EXTRACTED INFORMATION START

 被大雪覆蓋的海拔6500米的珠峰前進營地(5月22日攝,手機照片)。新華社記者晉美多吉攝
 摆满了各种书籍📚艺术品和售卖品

EXTRACTED INFORMATION END
EXTRACTED INFORMATION START

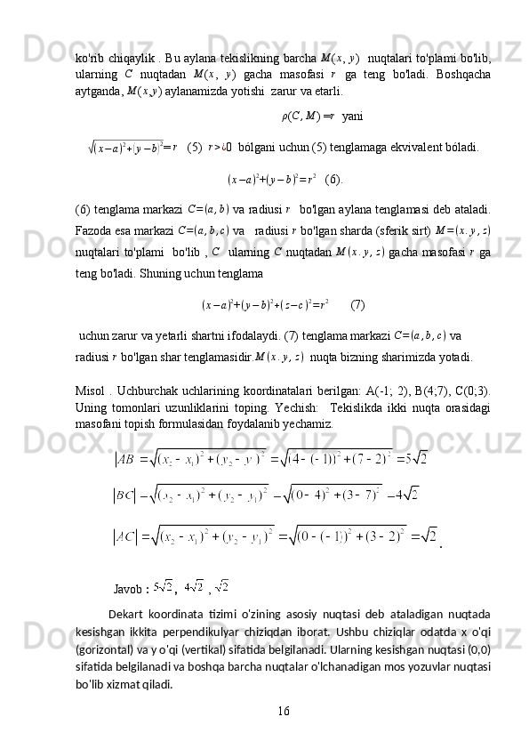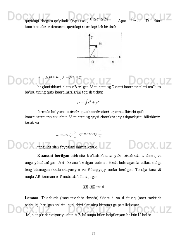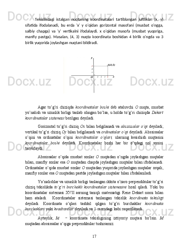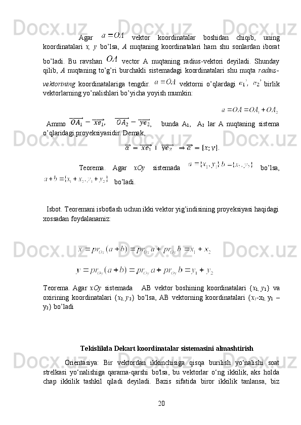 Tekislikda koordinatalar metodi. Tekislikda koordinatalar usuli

EXTRACTED INFORMATION END
EXTRACTED INFORMATION START

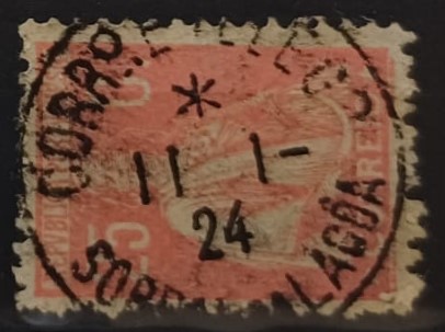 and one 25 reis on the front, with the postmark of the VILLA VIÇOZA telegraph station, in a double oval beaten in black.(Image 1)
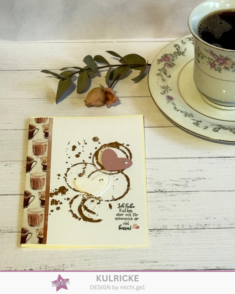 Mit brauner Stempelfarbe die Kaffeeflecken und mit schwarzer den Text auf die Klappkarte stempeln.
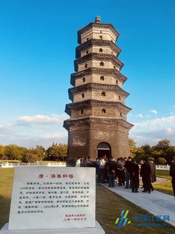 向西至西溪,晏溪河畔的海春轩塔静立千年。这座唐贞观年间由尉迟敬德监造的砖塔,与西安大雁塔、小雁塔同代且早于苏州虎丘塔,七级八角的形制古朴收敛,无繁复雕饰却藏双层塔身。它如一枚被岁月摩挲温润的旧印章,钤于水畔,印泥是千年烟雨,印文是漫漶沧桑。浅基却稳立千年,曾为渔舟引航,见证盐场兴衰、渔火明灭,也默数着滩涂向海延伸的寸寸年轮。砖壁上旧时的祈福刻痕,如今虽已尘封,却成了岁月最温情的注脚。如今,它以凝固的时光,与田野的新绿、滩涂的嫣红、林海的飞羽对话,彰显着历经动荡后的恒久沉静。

EXTRACTED INFORMATION END

**EXERCISE AIM**. In the listing above, find the line containing "and one 25 reis" and the line containing "向西至西溪,晏溪河畔的海春轩", then return both of them and every line between, exactly, without pictures.

**SOLUTION BELOW**.
 and one 25 reis on the front, with the postmark of the VILLA VIÇOZA telegraph station, in a double oval beaten in black.(Image 1)
 Mit brauner Stempelfarbe die Kaffeeflecken und mit schwarzer den Text auf die Klappkarte stempeln.
 向西至西溪,晏溪河畔的海春轩塔静立千年。这座唐贞观年间由尉迟敬德监造的砖塔,与西安大雁塔、小雁塔同代且早于苏州虎丘塔,七级八角的形制古朴收敛,无繁复雕饰却藏双层塔身。它如一枚被岁月摩挲温润的旧印章,钤于水畔,印泥是千年烟雨,印文是漫漶沧桑。浅基却稳立千年,曾为渔舟引航,见证盐场兴衰、渔火明灭,也默数着滩涂向海延伸的寸寸年轮。砖壁上旧时的祈福刻痕,如今虽已尘封,却成了岁月最温情的注脚。如今,它以凝固的时光,与田野的新绿、滩涂的嫣红、林海的飞羽对话,彰显着历经动荡后的恒久沉静。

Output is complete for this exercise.